> **REQUIRED ACTION**
Using the listing below, set down exactly the lines starting at the line that contains "Visite de François" and ending at the line that contains "Le Grand Orient", both included, and no others.

> **EXCERPTED RECORDS**
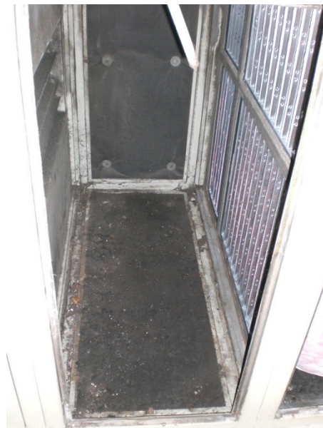
Foto 5 Gebrek: corrosie, gevorderd stadium, omvang 6% (=vervangingswaarde t.o.v. geheel) en beschadigde isolatie, eindstadium, omvang 6% (=vervangingswaarde t.o.v. geheel)
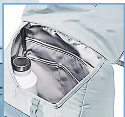
Sydney UVP 119,95 €

Der UP Sydney bietet ausreichend Platz für alles, was du für einen Tag im Büro, in der Uni oder Freizeit brauchst. Dank der ordentlichen Aufteilung und der Deckelöffnung mit Magnetverschluss, erreichst du alle wichtigen Sachen im Handumdrehen. Mit dem Aluhaken an der Deckelöffnung kannst du den Inhalt sicher verschließen.
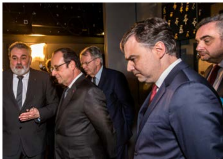
Visite de François HOLLANDE, Président de la République au Musée de la Franc-Maçonnerie le 27 février 2017

Le Grand Orient de France fonctionne sur un modèle démocratique. Ses loges sont souveraines. Les différentes fonctions (Grand Maître, Conseillers de l'Ordre, Présidents des loges...) sont toutes électives et encadrées sur le plan du cumul, du renouvellement et de la durée. Les loges sont représentées à l'Assemblée générale (le Convent) selon le principe « une loge, une voix ».
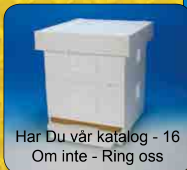
Har Du vår katalog - 16 Om inte - Ring oss
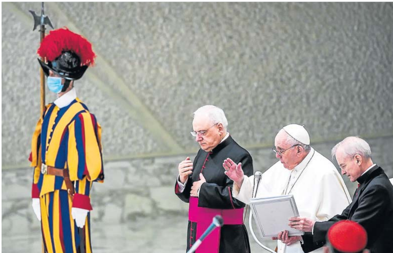
El papa Francisco atiende ayer a la audiencia en la sala Pablo VI, en la Ciudad del Vaticano.

a 20minutos que esas devoluciones no están cerradas, pues seguirá siendo cada juez el que decida si la cláusula es abusiva o no. La decisión del Supremo es, dice, «salomónica» y, aunque «supone un jarro de agua fría», no es «contundente»: «Seguiremos peleando». ●
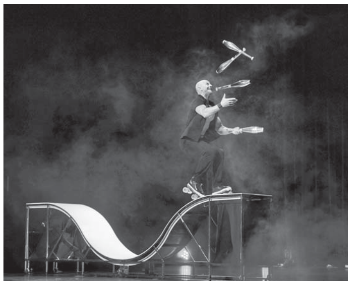
Auch „TJ-Wheels“ ist beim diesjährigen Variété Frühling im Neuen Theater Höchst und begeistert mit seinen Darbietungen, bei denen er Rollschuhfahren mit Jonglieren kombiniert.

Der Eintritt kostet 20 Euro. Karten gibt es bei der Geschäftsstelle der Kulturkreis GmbH im Schwalbacher Rathaus, den Ticket Regional-Vorverkaufsstellen sowie an der Abendkasse. red

> **WRITTEN RESPONSE**
Visite de François HOLLANDE, Président de la République au Musée de la Franc-Maçonnerie le 27 février 2017

Le Grand Orient de France fonctionne sur un modèle démocratique. Ses loges sont souveraines. Les différentes fonctions (Grand Maître, Conseillers de l'Ordre, Présidents des loges...) sont toutes électives et encadrées sur le plan du cumul, du renouvellement et de la durée. Les loges sont représentées à l'Assemblée générale (le Convent) selon le principe « une loge, une voix ».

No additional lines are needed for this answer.